Standard Chart of Accounts

In accounting, a standard chart of accounts is a numbered list of the accounts that comprise a company’s general ledger. The company chart of accounts is basically a filing system for categorizing all of a company’s accounts as well as classifying all transactions according to the accounts they affect. The chart of accounts list of categories may include the following:

(See the following chart of accounts example below).

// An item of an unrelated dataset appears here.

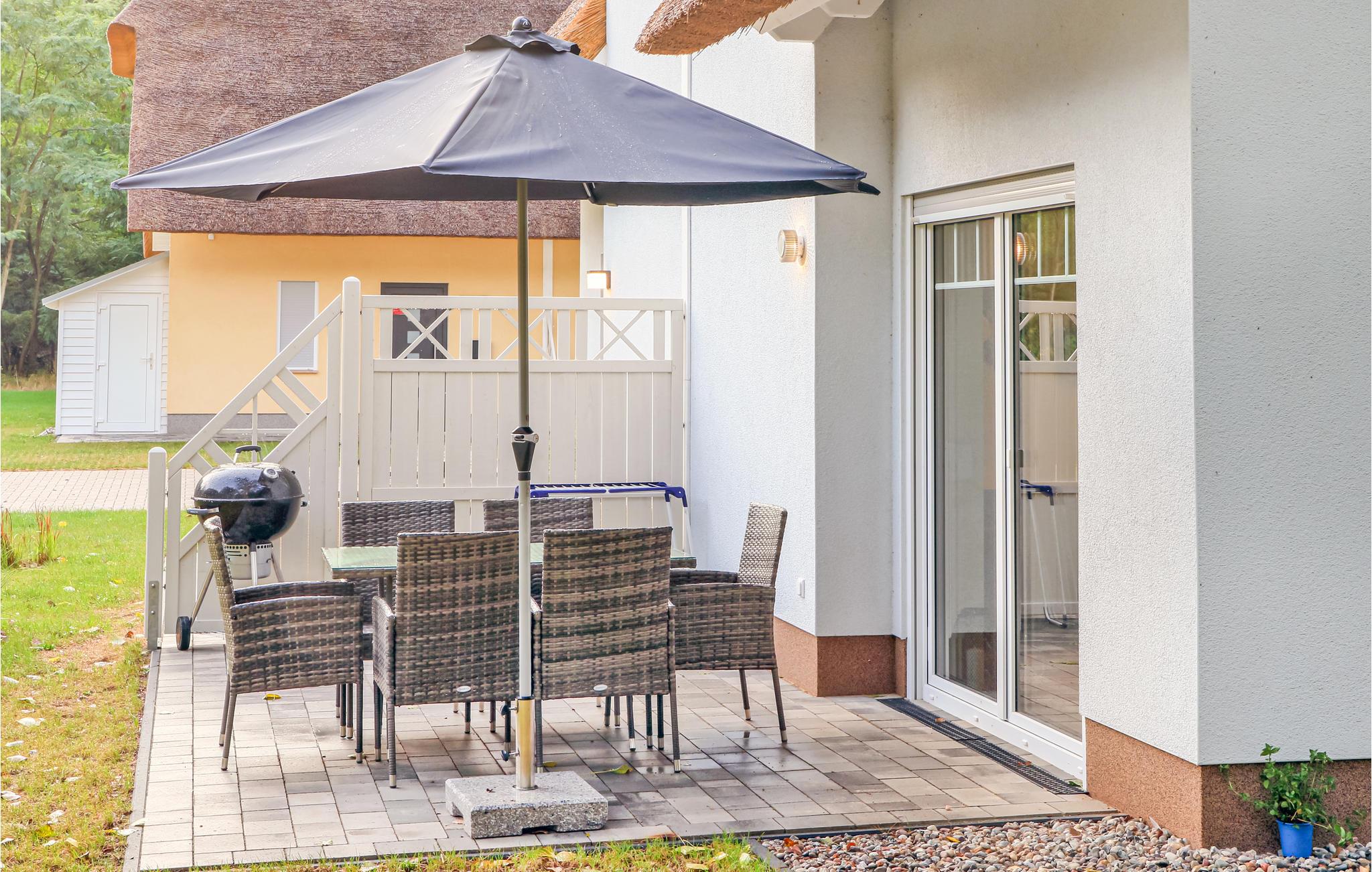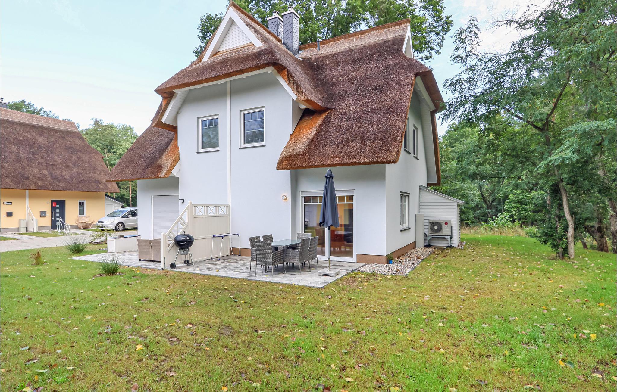 På solskinsøen Usedom ligger Zirchow, en lille, idyllisk havneby, hvor disse stråtækte feriehuse står. Ferieparken ved Stettiner byder på gode huse til hele familien.

The standard chart of accounts is also called the uniform chart of accounts. A chart of accounts template is used to prepare the basic chart of accounts for any subsidiary companies or related entities in order to make consolidation easier.

Furthermore, a standard chart of accounts is organized according to a numerical system. Thus, each major category will begin with a certain number, and then the sub-categories within that major category will all begin with the same number. For example, if assets are classified by numbers starting with the digit 1, then cash accounts might be labeled 101, accounts receivable might be labeled 102, inventory might be labeled 103, and so on. If liabilities accounts are classified by numbers starting with the digit 2, then accounts payable might be labeled 201, short-term debt might be labeled 202, and so on.

Number of Accounts Needed

Depending on the size of the company, the chart of accounts may include either few dozen accounts or a few thousand accounts. Depending on the sophistication of the company, the chart of accounts can be either paper-based or computer-based. In conclusion, the chart of account is useful for analyzing past transactions and using historic data to forecast future trends.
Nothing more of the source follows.